* **What the exercise asks**
From the first line to the last, copy the listing exactly and omit the images.

* **Provided material**
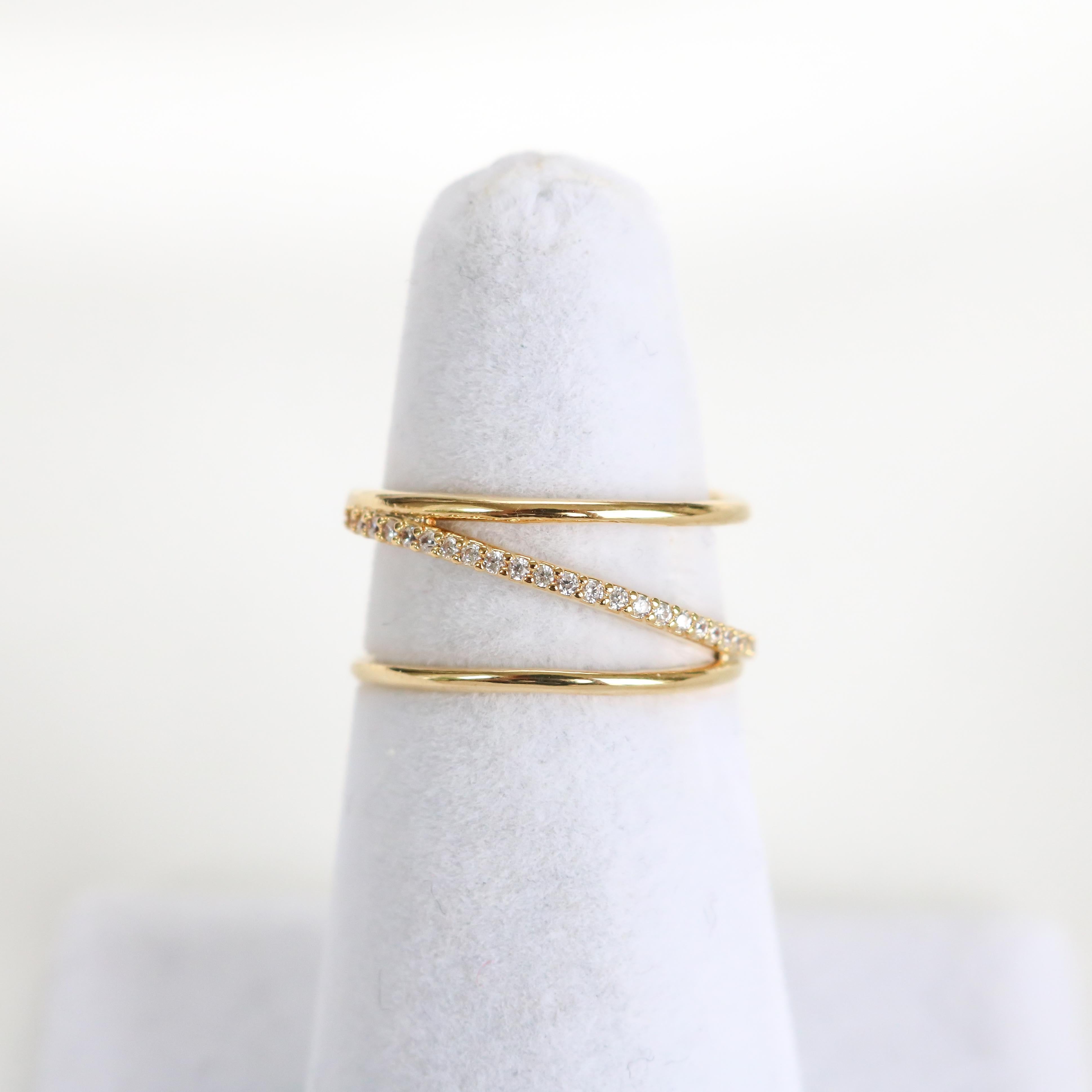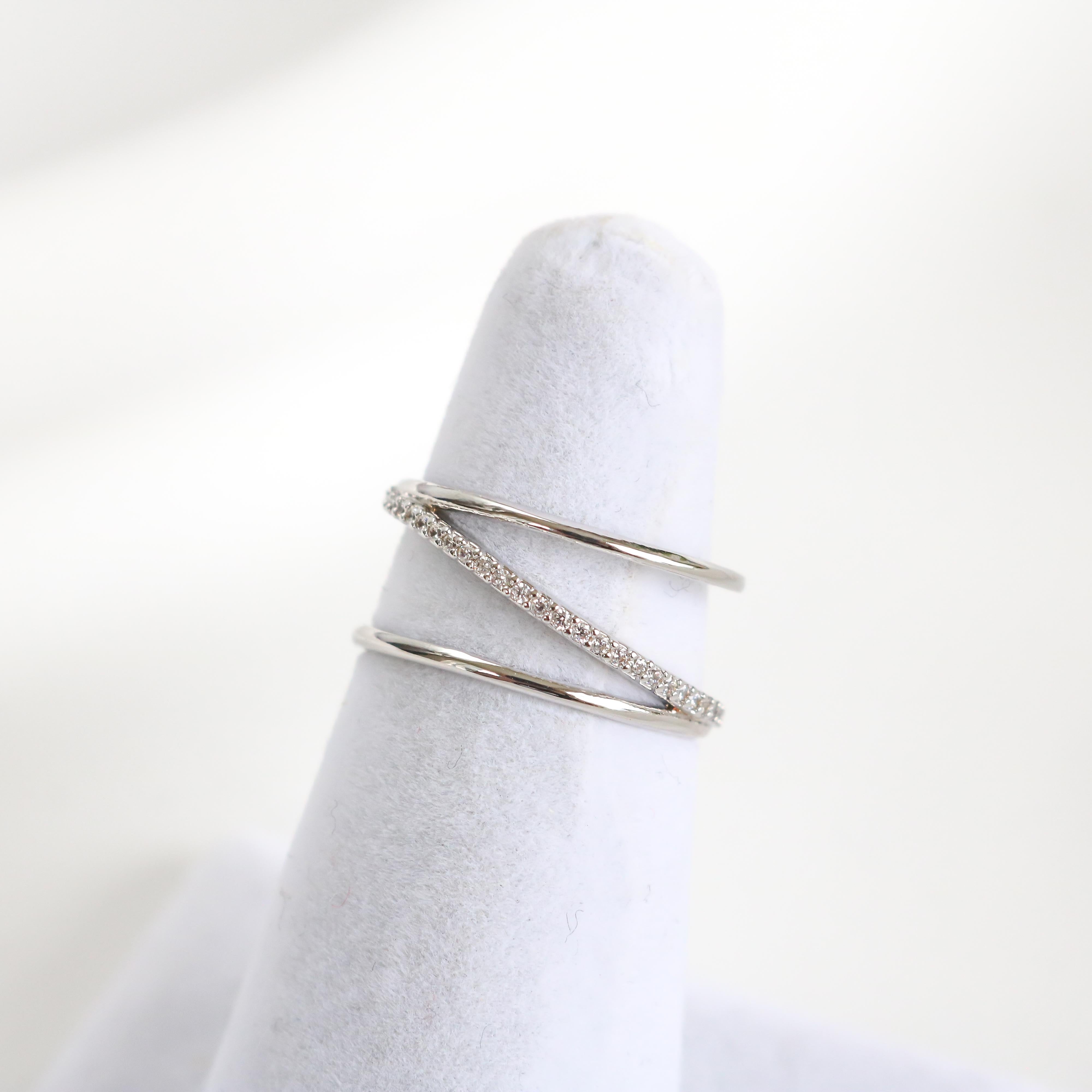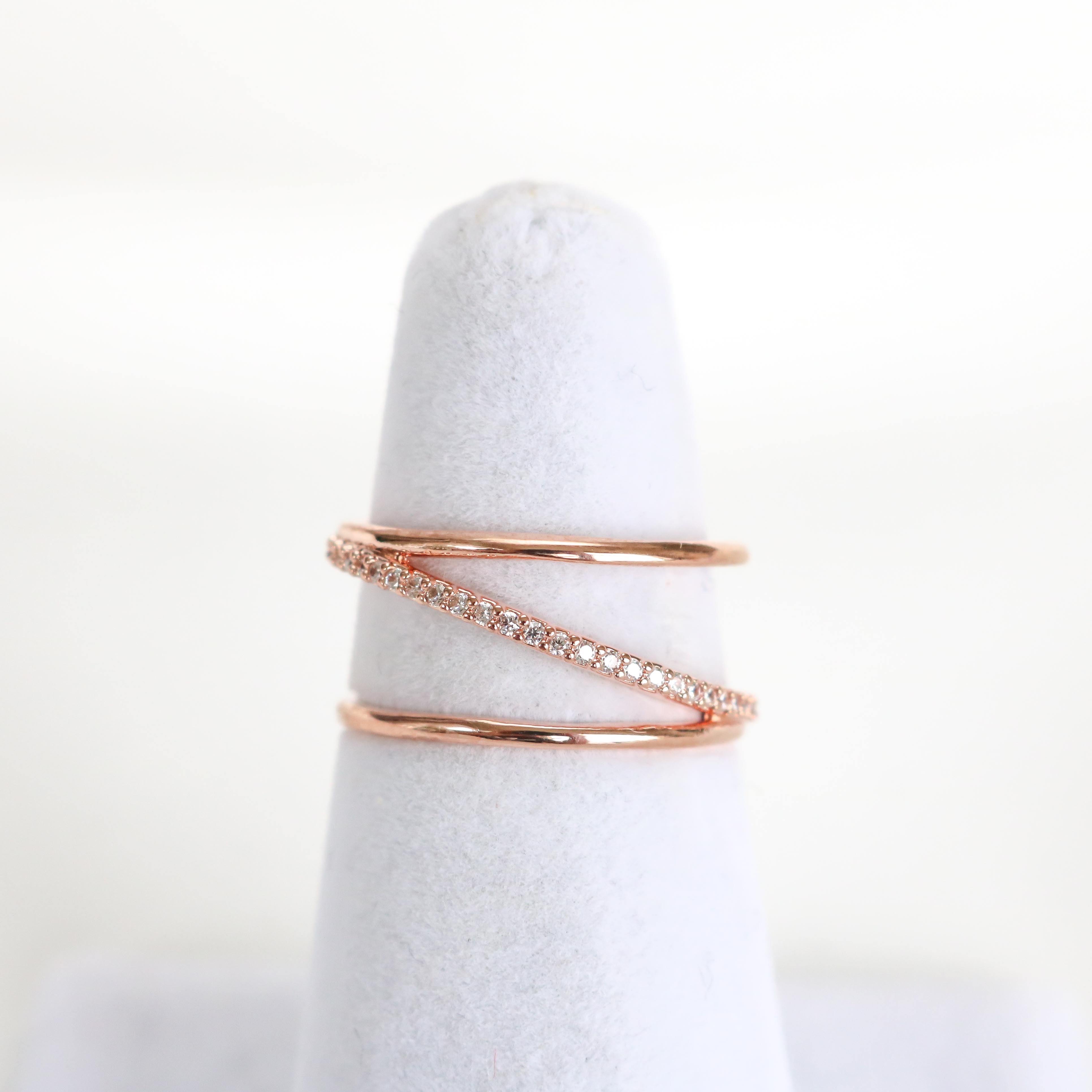 Modern and trendy, the Posey Line ring features a crystal-encrusted line that runs diagonally across the bands.
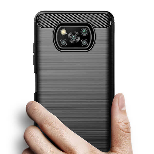 Ochranný silikonový obal karbon pro Xiaomi Poco X3 Pro - černý
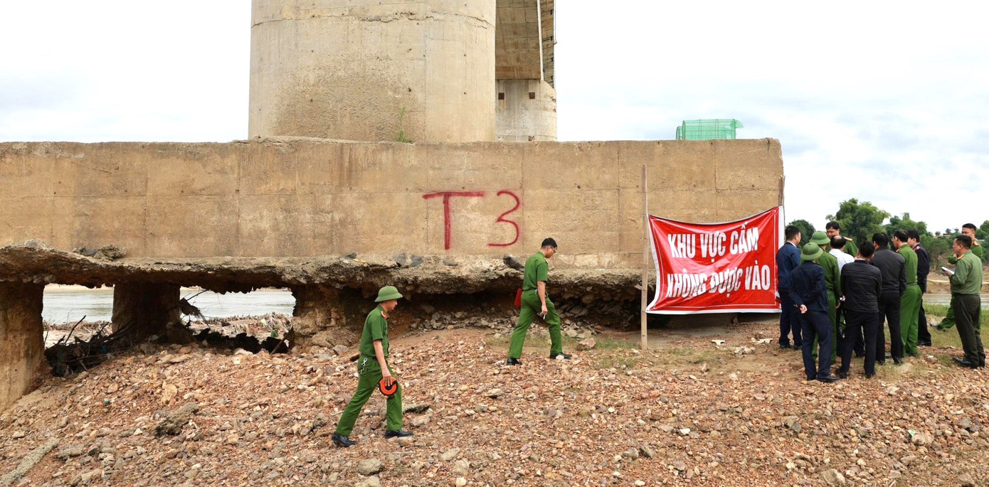 Cơ quan Cảnh sát điều tra kiểm tra hiện trường và triển khai các biện pháp nghiệp vụ theo thẩm quyền trước thông tin móng cọc trụ cầu sông Lô.

* **Written solution**
 Modern and trendy, the Posey Line ring features a crystal-encrusted line that runs diagonally across the bands.
 Ochranný silikonový obal karbon pro Xiaomi Poco X3 Pro - černý
 Cơ quan Cảnh sát điều tra kiểm tra hiện trường và triển khai các biện pháp nghiệp vụ theo thẩm quyền trước thông tin móng cọc trụ cầu sông Lô.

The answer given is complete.